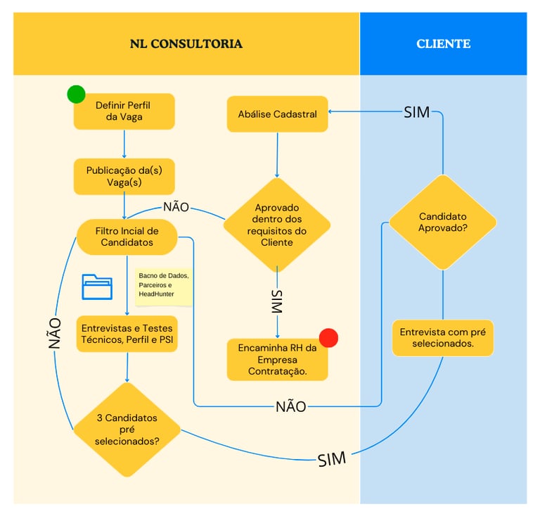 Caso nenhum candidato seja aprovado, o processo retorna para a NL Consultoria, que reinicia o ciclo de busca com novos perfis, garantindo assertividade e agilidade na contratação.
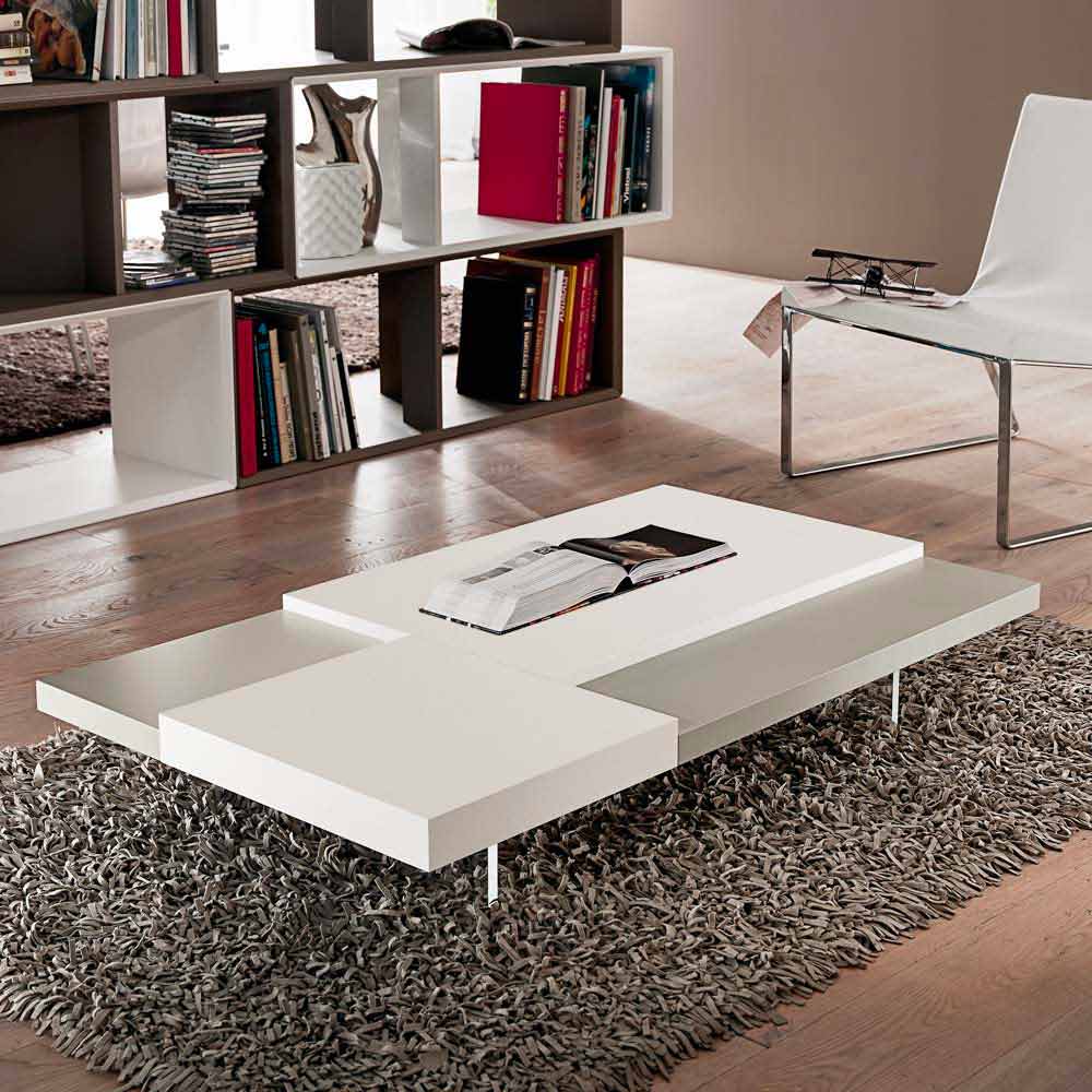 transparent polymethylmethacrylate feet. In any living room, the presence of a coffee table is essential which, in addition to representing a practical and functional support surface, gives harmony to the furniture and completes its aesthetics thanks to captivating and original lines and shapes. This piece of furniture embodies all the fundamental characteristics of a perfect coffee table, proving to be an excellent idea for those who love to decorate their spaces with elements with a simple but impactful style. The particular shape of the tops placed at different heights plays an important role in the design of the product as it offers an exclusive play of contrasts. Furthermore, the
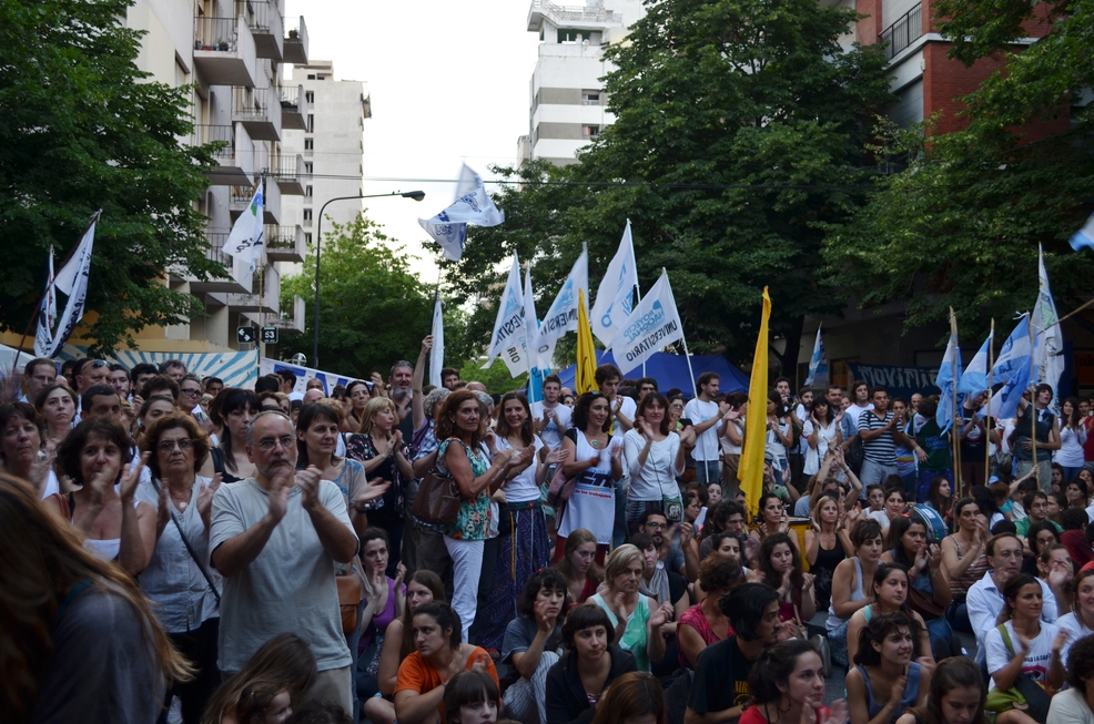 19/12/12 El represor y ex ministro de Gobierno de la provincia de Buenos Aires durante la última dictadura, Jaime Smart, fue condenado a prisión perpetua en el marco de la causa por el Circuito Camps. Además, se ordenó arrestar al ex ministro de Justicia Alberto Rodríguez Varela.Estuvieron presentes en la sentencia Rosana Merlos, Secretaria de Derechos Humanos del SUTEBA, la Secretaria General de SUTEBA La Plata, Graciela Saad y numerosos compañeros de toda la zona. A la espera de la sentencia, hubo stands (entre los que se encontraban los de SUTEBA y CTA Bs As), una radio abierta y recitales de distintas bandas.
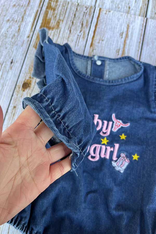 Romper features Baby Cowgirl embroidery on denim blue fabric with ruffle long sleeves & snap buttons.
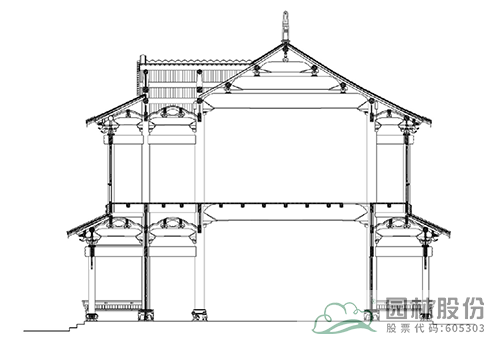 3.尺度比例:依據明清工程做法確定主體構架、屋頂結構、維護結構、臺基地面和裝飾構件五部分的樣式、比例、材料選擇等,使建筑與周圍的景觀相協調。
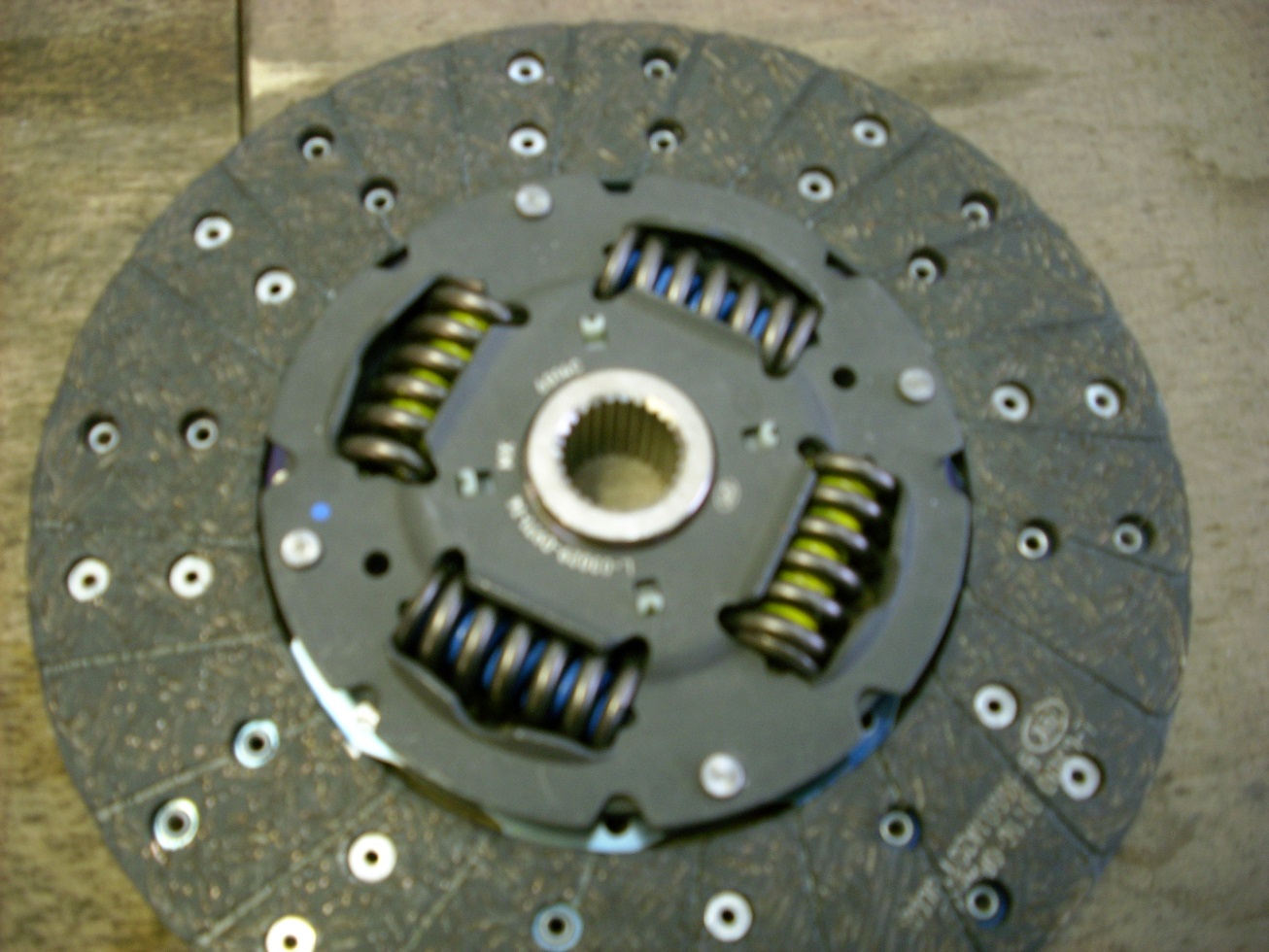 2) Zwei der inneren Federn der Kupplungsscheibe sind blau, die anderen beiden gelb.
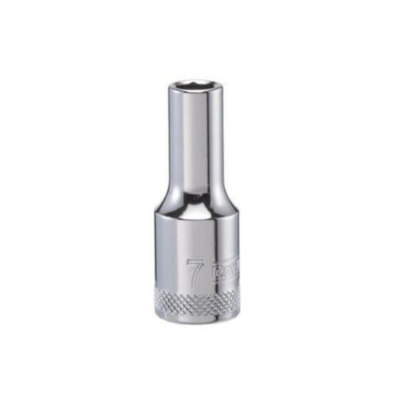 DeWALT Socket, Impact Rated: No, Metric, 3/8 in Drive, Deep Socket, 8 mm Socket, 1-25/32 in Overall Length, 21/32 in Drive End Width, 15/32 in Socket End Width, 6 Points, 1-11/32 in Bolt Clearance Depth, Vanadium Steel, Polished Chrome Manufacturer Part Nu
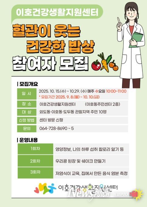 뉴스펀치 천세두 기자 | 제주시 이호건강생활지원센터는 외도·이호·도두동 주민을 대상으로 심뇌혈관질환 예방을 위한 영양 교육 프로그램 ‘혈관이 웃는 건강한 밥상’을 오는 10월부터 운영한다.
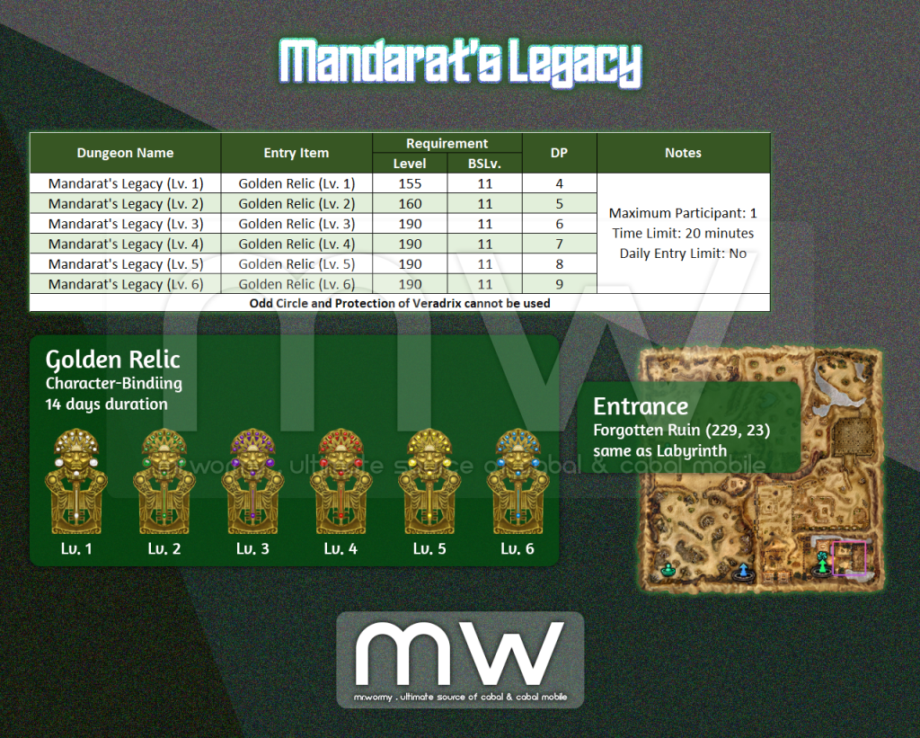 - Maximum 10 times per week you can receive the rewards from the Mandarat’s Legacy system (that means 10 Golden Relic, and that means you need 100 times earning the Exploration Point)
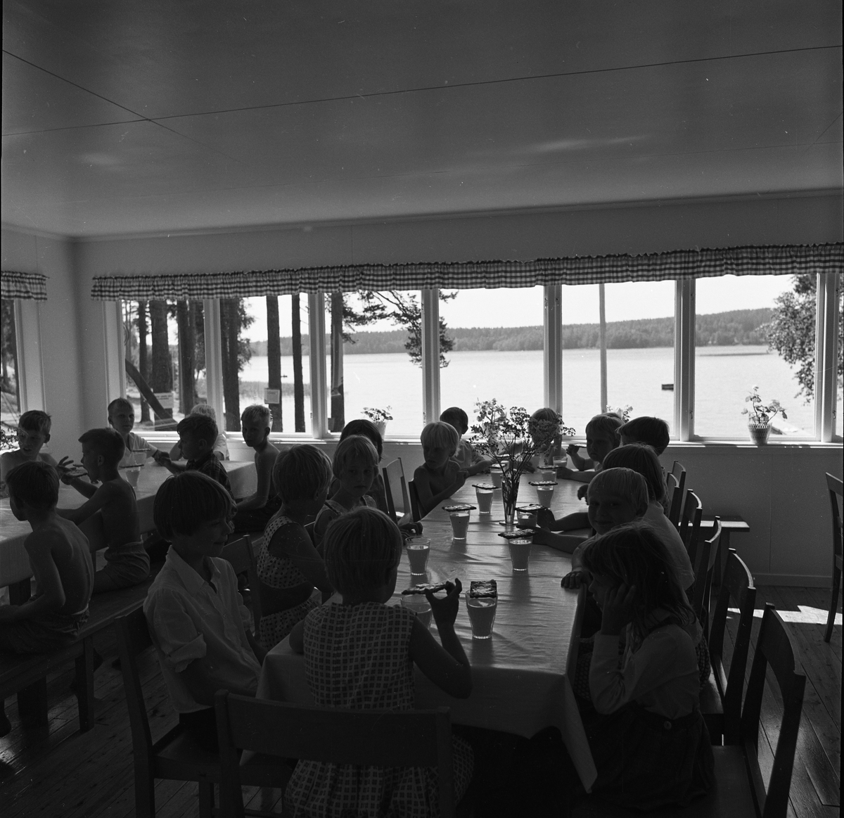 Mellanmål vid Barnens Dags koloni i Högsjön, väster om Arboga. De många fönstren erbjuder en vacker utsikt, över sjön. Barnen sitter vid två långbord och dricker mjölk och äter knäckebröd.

**Task directions**.
Take the material above from the line bearing "Romper features Baby" through the line bearing "2) Zwei der" and write it out exactly, both end lines included. Pictures stay out.

**Output for this exercise**.
 Romper features Baby Cowgirl embroidery on denim blue fabric with ruffle long sleeves & snap buttons.
 3.尺度比例:依據明清工程做法確定主體構架、屋頂結構、維護結構、臺基地面和裝飾構件五部分的樣式、比例、材料選擇等,使建筑與周圍的景觀相協調。
 2) Zwei der inneren Federn der Kupplungsscheibe sind blau, die anderen beiden gelb.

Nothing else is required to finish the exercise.